→ **EXERCISE DETAILS**
Filter these entries down to lines holding "StadtWaldHaus".

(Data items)
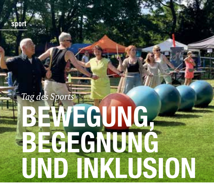
Tag des Sports
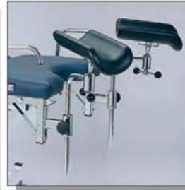
Beinhalter nach Göpel
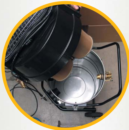
Blindstopfen anbringen ...
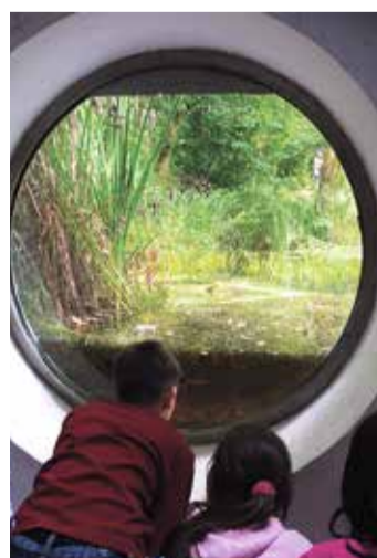
Das Bullauge im StadtWaldHaus lässt in der kleinen See blicken.

nie 17 zu erreichen. Von der Station Oberschweinstiege sind es noch rund 15 Minuten Fußweg. Mit dem Auto erreicht man das StadtWaldHaus über die Autobahnabfahrt Frankfurt-Süd von der A3 aus und dann weiter Richtung Neu-Isenburg. Es stehen kostenfreie Parkplätze an der Isenburger Schneise zur Verfügung. Weitere Informationen sind unter der Telefonnummer 069/683239 oder im Internet unter stadtwaldhaus-frankfurt.de erhältlich.
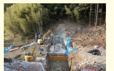
古瀬畑川砂防事業
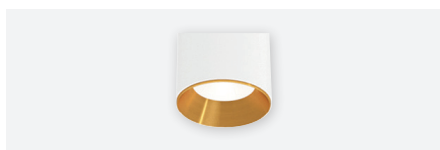
IDTL988003JSZ (bague de finition dorée)
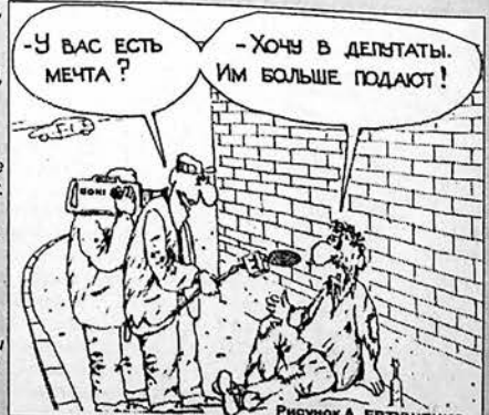
Рисуюнок А. ЕВТУШЕНКО.
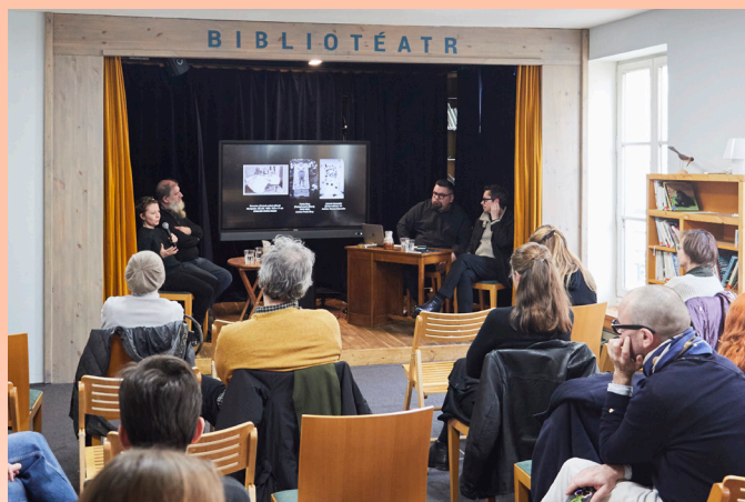
Table ronde autour de l'exposition Les Immortels
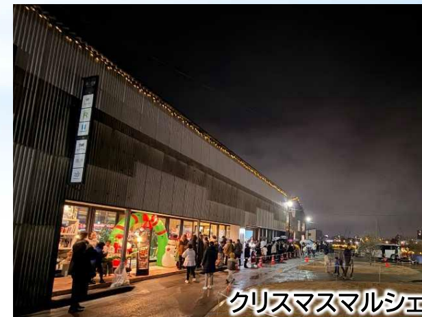
クリスマスマルシェ
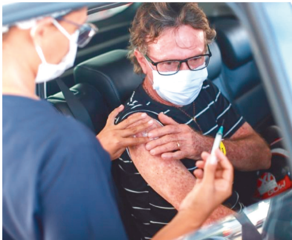
A AÇÃO FAZ PARTE DA CAMPANHA VACINA PARA TODOS, E SE ESTENDERÁ ATÉ SEXTA (28)

A imunização contra influenza é destinada, prioritariamente, a crianças de seis meses a menores de seis anos, gestantes, puérperas, pessoas com comorbidades, pessoas acima de 60 anos, população privada de liberdade, professores, pessoas com deficiência, caminhoneiros, trabalhadores rodoviários e portuários, adolescente em medida socioeducativa, além de servidores da segurança.
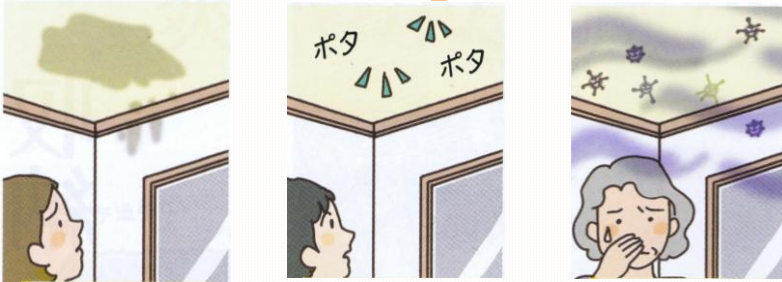
天井や壁にシミ 強雨時にポタポタ音 雨のあと、カビ臭い
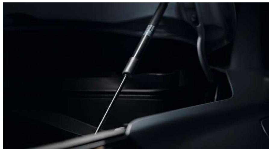
Газовые упоры капота
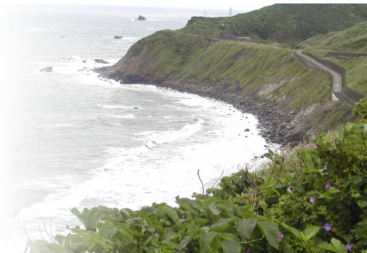
↑ 蝦仔澳是一處天然灣澳

滿載後將船開回大澳卸下，一天來回三趟，四天下來，捕獲二千多公斤，北方澳家家戶戶小賺一筆。
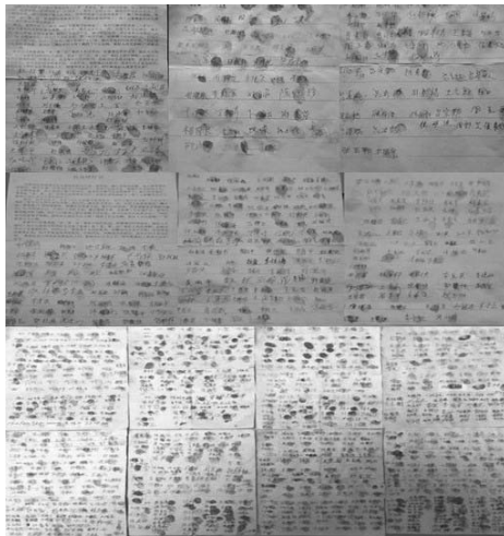
签名图片：青龙满族自治县各乡镇第二批为崔爱军征签 1841 人。

崔家的遭遇，引起青龙县各乡镇民众的同情及愤慨，至 3 月中旬，有 3800 乡亲签名声援崔爱军，其中崔爱军居住的沟口子村，全体村民 156 人都签名、按手印，强烈呼吁警察放
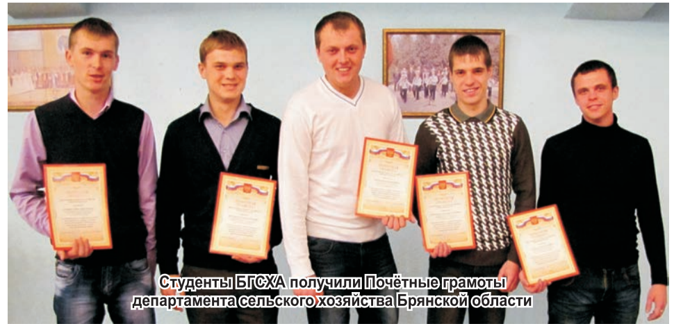
Студенты БГСХА получили Почётные грамоты департамента сельского хозяйства Брянской области
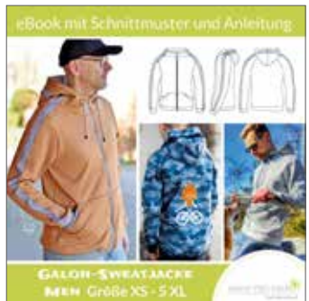
Galon-Sweatjacke Men gerade Passform Gr. XS - 5XL
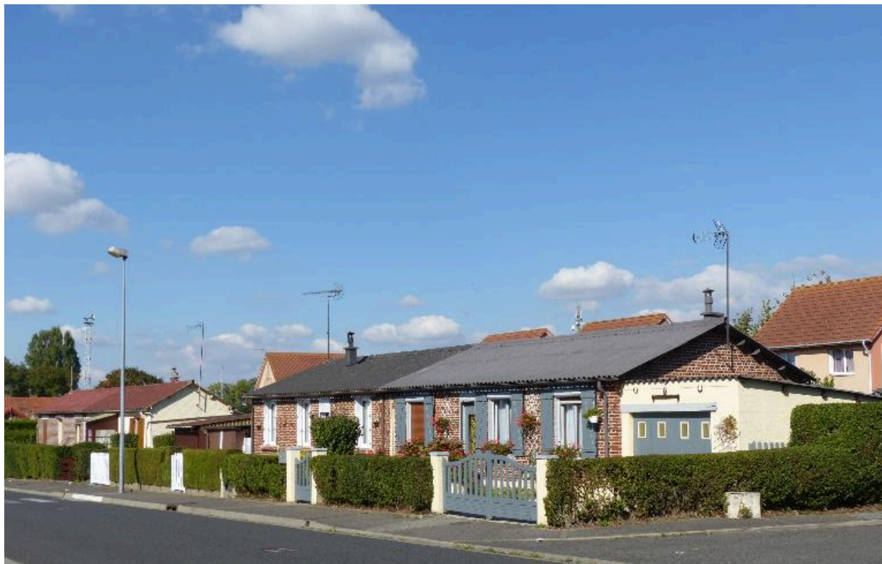
Les maisons reconstruites au milieu du 20e siècle, rue Paul-Baroux.
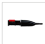
MGK04N Lancia vapore
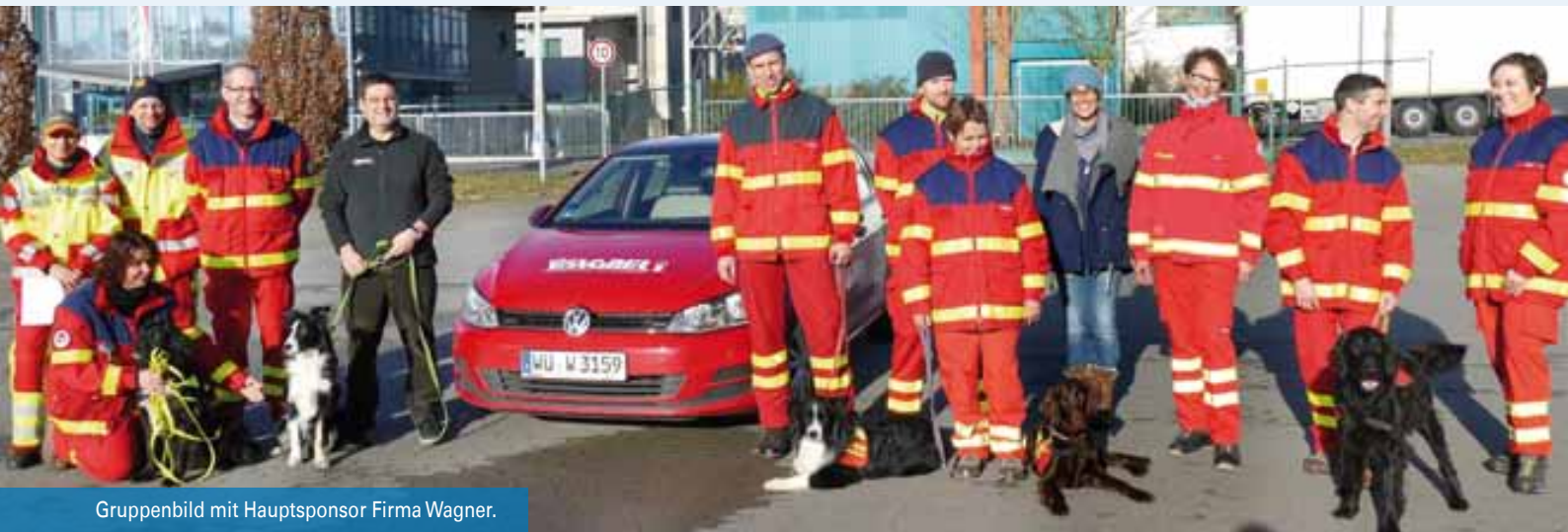
Gruppenbild mit Hauptsponsor Firma Wagner.
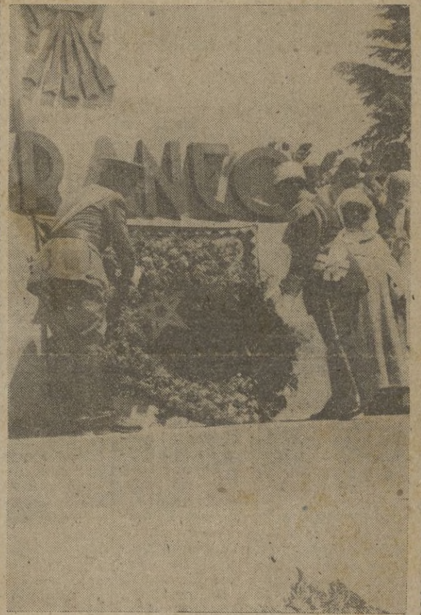
S. A. I. y el Excmo. Sr. Alto Comisario de España en Marruecos depositando una corona al pie del Monumento.

En día tan de luto para España, ¡hoy cuarto aniversario de su infame asesinato!, los buenos ceutíes dedican a su memoria una función piadosa que como funeral se celebrará en la Iglesia de la Virgen de Africa. El pueblo entero de Ceuta asistirá a él, para ofrecer al admirado maestro, testimonio ferviente de su profundo sentimiento, encomendando su alma a Dios.
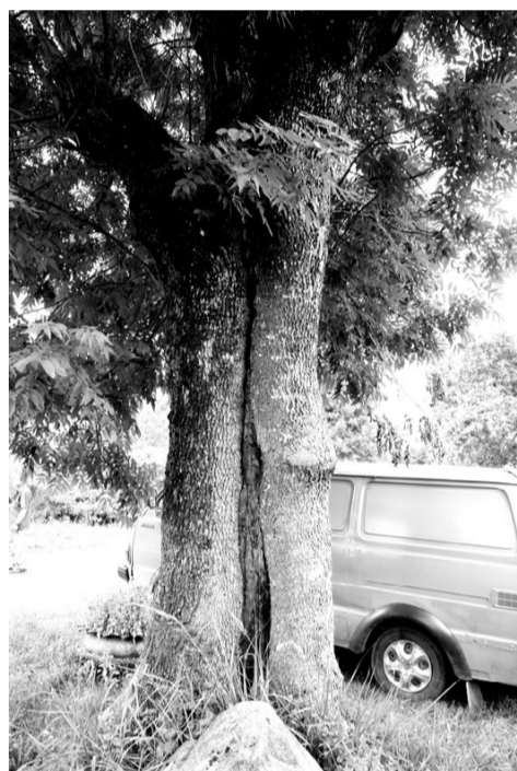
участки как следует.

Года два назад в Березняке появилось фермерское хозяйство, главой которого является довольно молодой человек. По возрасту он относится к тем категориям населения, кто может рассчитывать на поддержку за счёт средств бюджета. Вот и этим фермерам помогли, но вернуть ссуду они не суме-
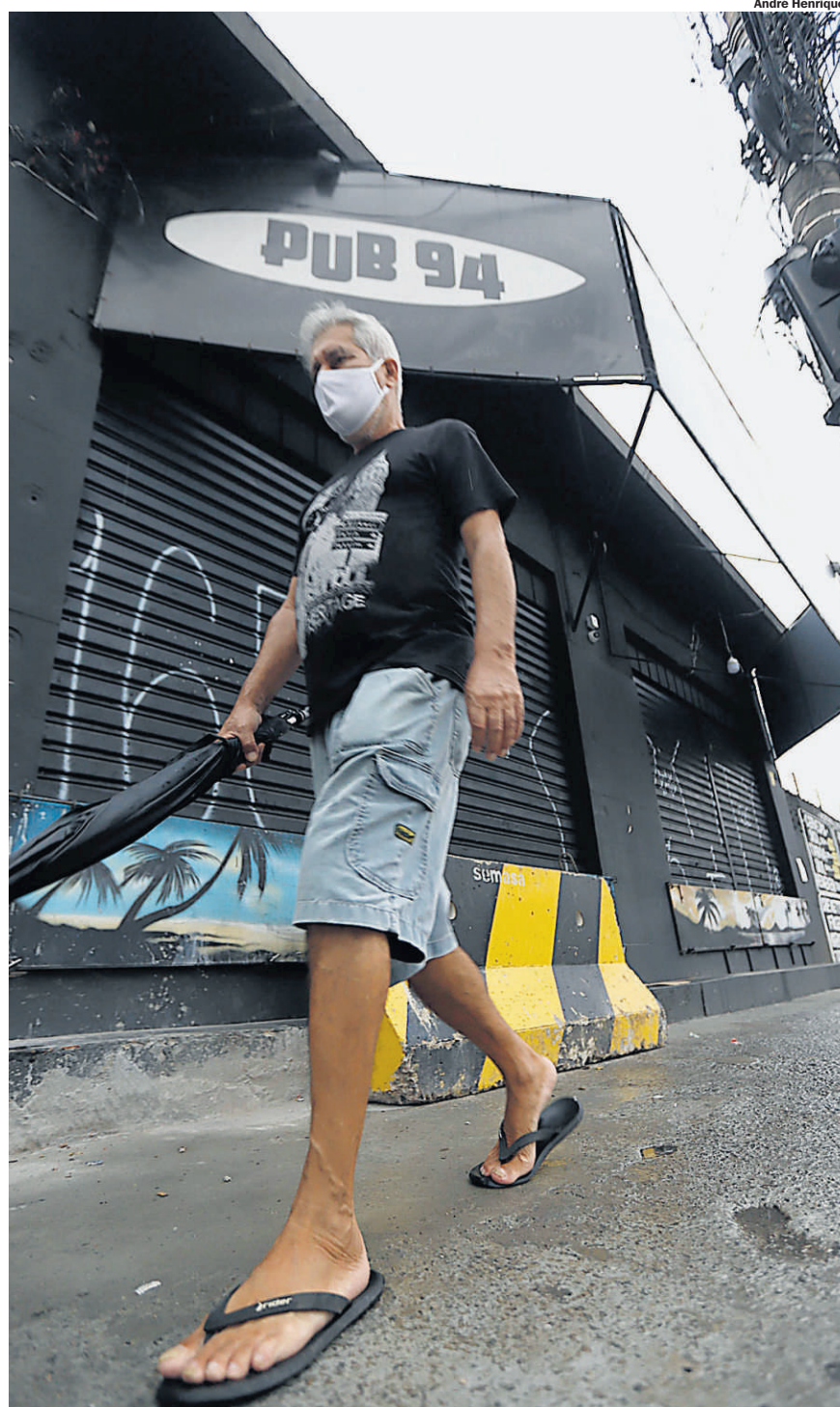
EM SANTO ANDRÉ. Casa noturna da Rua Carijós foi lacrada pela Prefeitura

MEMÓRIA: Ele colocou a região nas ondas do rádio Setecidades 2
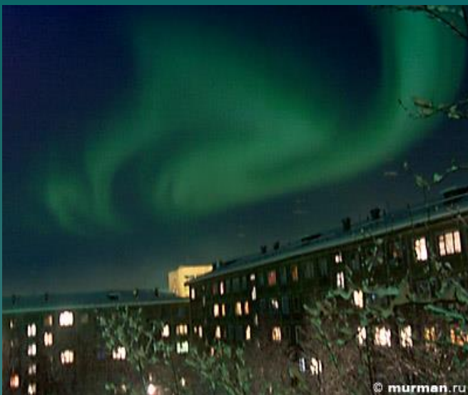
Полярная ночь Северное сияние
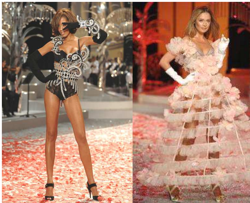
Рис. 8. Модели, созданные на основе источника творчества – водопад.
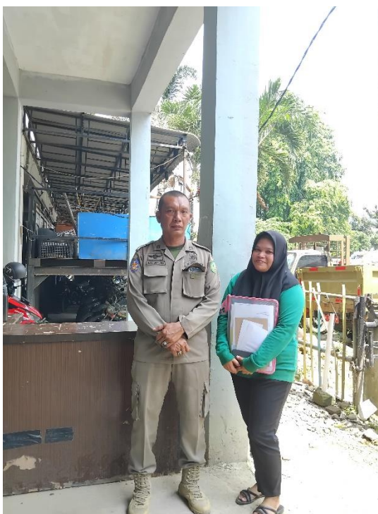
Lampiran 6 Wawancara Bersama Satpol PP
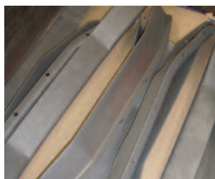
Entgummierung von gebrauchten Faltenbalgteilen
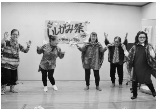
リズムに乗ってPPAP! 2月5日 石神井分会文化祭・いしがみ祭

2月5日(日)に、高野台集会所にて第一回石神井分会文化祭「いしがみ祭」を行いました。メリソろろのりき酒大会、童心に帰っての紙飛行機飛ばし、ピコ太郎の仮装で「みんなPPAP」なりきりコンテスト、花等踊りを行ったほか、将棋大会やタツ、水墨画、俳句、写真の展示のコーナーも設け、盛りだくさんの内容での催しとなりました。大きいお鍋一杯こしらえた豚汁も体が温まりホッとして好評で一日楽しく過ごしました。次回は、もっと多くの方に来場いただき開催出来ればよいと思います。
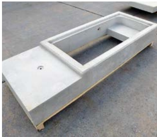
❖❖❖ Individuelle Schachtabdeckung, angepasst an die Fassadenoptik
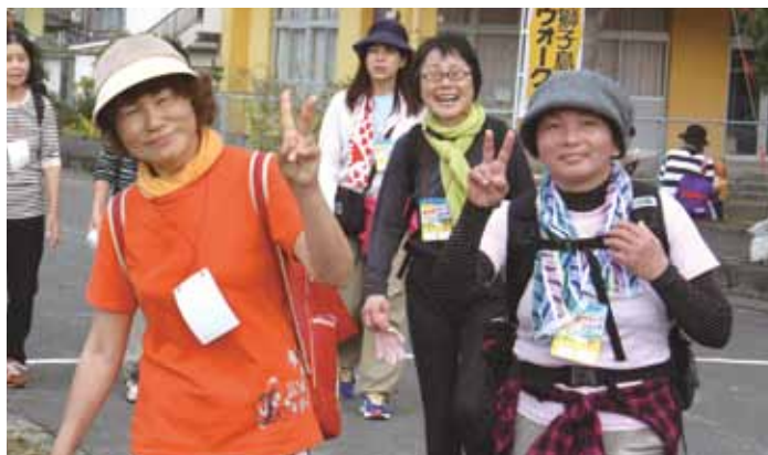
↑ゴール後は疲れも吹き飛び、みな自然と笑顔に
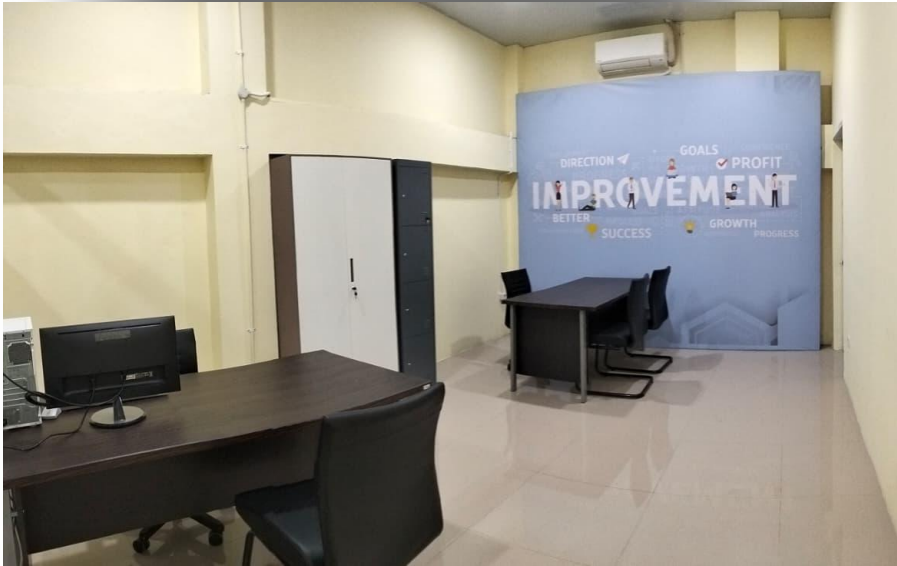
Ruang Tenant 1
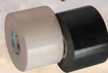
afwerktape klevend 20 meter x 50 mm
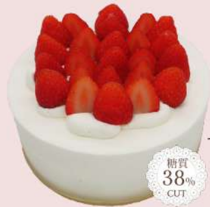
苺のバースデーケーキ

糖質をおさえているのに、甘くて美味しいバースデーケーキ。予約特典プレゼントがあります。2日前までの予約注文のみの販売となります。 フルーツをのせたり、チラシ以外のケーキのリクエストなどのご要望がありましたら、お気軽にお尋ねくださいませ。
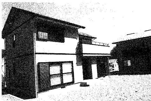
Na 10 規格型住宅
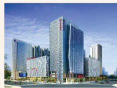
郑州国贸中心·立面效果图
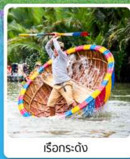
เรือกระดง
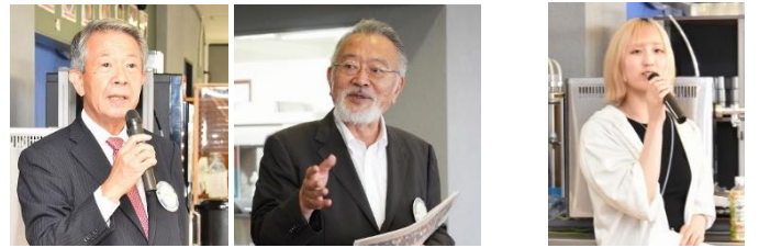
開会挨拶 千葉科学大学学長挨拶 司会: 千葉科学大学 RAC 高瀬銚子 RC 会長
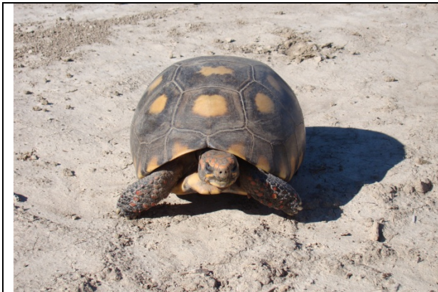
Tortugas - Geochelone chilensis
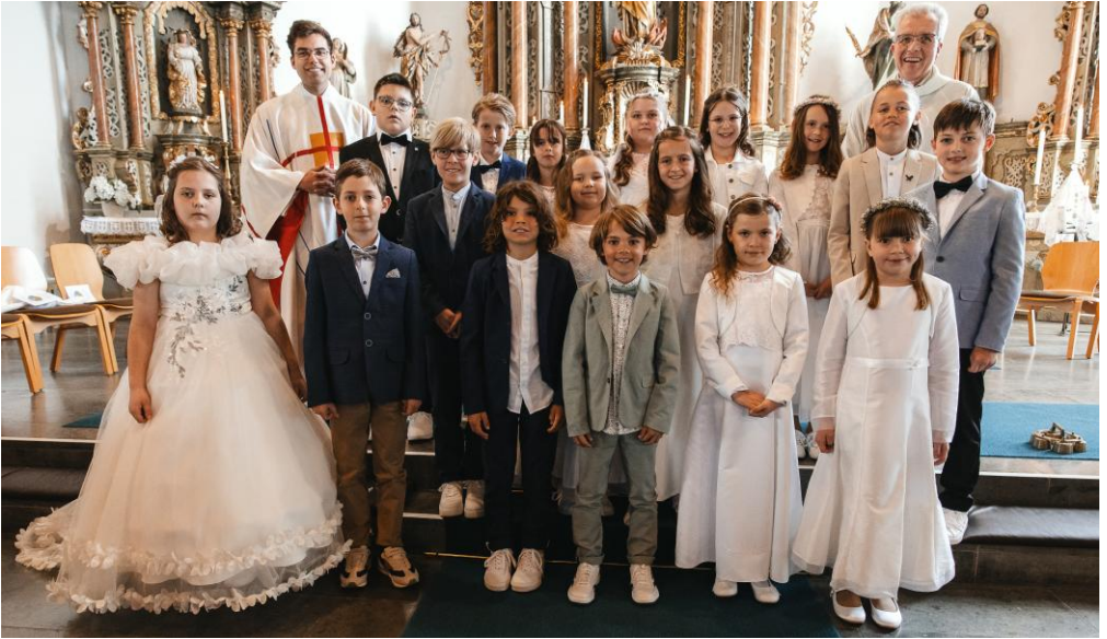
Erstkommunion in Mastershausen

→ **TASK RESULT**
Das Bullauge im StadtWaldHaus lässt in der kleinen See blicken.
nie 17 zu erreichen. Von der Station Oberschweinstiege sind es noch rund 15 Minuten Fußweg. Mit dem Auto erreicht man das StadtWaldHaus über die Autobahnabfahrt Frankfurt-Süd von der A3 aus und dann weiter Richtung Neu-Isenburg. Es stehen kostenfreie Parkplätze an der Isenburger Schneise zur Verfügung. Weitere Informationen sind unter der Telefonnummer 069/683239 oder im Internet unter stadtwaldhaus-frankfurt.de erhältlich.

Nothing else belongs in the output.